Pharmos Corporation (Pink Sheets: PARS) announced today the results of its Phase 2b Dextofisopam clinical trial to evaluate safety and efficacy of the compound in irritable bowel syndrome.
Although the primary efficacy variable (% of weeks responding for adequate overall relief of IBS symptoms) did not reach statistical significance, the percentage responding for the Dextofisopam 200 mg group was higher than that observed for the Phase 2a trial. However, the placebo response rate was higher than expected compared to the Phase 2a placebo response.
This result was similarly demonstrated across all other secondary efficacy variables associated with the adequate overall relief question. In all cases except at Month 1, the response rates for the Dextofisopam 200 mg group were essentially the same as or in most cases better than the response rates observed for the Phase 2a trial.
Secondary response variables of adequate relief of abdominal pain and discomfort and overall IBS symptoms ratings showed statistical significance and trends favoring the Dextofisopam 200 mg group compared to placebo.
Further secondary analysis, as well as sub group analysis, is ongoing and will be reported when available.

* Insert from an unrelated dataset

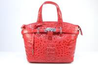 Современная и стильная женская сумка из натуральной крокодиловой кожи. Для изготовления сумок данной модели используется натуральная кожа крокодила кайман, кожа высокого качества выделки и окраса. Крокодиловая сумка для женщин в форме перевёрнутой трапеции. Лицевая поверхность сумки, обратная сторона, верхние ручки сумки, все эти части выполнены из натуральной кожи крокодила кайман. К качестве основного украшения крокодиловой сумки на лицевой поверхности сумки использована крокодиловая кожа и фактурной спинной и затылочной частью. Обратная часть сумки выполнена с применением спинной части кожи крокодила. В качестве дополнительного украшения сумки из крокодиловой кожи, на лицевой поверхности сумки устроен декоративный пояс из кожи крокодила и декоративным замочком, замочек оклеен крокодиловой кожей под цвет изделия. Ключик от декоративного замочка прикреплен к одной из верхних ручек на кожаном шнурке. В верхней части крокодиловой сумки устроены удобные ручки, ручки выполнены на основании из натуральной кожи теленка, цвет кожи теленка подобран под цвет кожи крокодила, внешняя часть верхних ручек выполнены из крокодиловой кожи. В верхней части сумки устроена металлическая молния преграждающая доступ в основной объем сумки из кожи крокодила. Крокодиловая сумка внутри выполнена в одном объеме, для удобства пользования на внутренних поверхностях сумки устроены удобные карманы для хранения предметов первой необходимости. Скрытый вшивной карман на молнии и на противоположной стороне сдвоенный накладной карман. В качестве материала подклада использована натуральная кожа теленка, цвет кожи теленка подобран под цвет кожи крокодила. На боковых поверхностях крокодиловой сумки устроены D-образные кольца для крепления съемного плечевого ремня. Плечевой ремень имеет возможность регулирования по длине, ремень изготовлен на основании из кожи теленка, верхняя часть ремня выполнена из крокодиловой кожи. Дно сумки выполнено из кожи теленка, на дне расположены 4 металлические ножки.

The Phase 2b double-blind, randomized, placebo-controlled study evaluated the clinical safety, tolerability and efficacy of multiple doses of Dextofisopam. Female outpatients with diarrhea predominant and alternating diarrhea and constipation IBS (according to Rome III Criteria for IBS) were randomized into each of four treatment groups: 100mg, 200mg, and 300mg BID dextofisopam or placebo. A total of 324 patients were enrolled using approximately 70 US centers. The patients participated for up to 19 weeks, including a screening period, a 12-week treatment period, and a 28-day post treatment period. The primary endpoint was "adequate overall relief" of IBS symptoms during the 12-week treatment period.
In the Phase 2b study, of the 324 patients randomized, 311 (96%) were evaluated in the Intent to Treat (ITT) analysis. Patients who completed the full study numbered 225 (69%), a similar percentage to the Phase 2a study, and 99 patients discontinued the study. The majority of patients who discontinued did so due to withdrawal of consent or a non serious adverse event.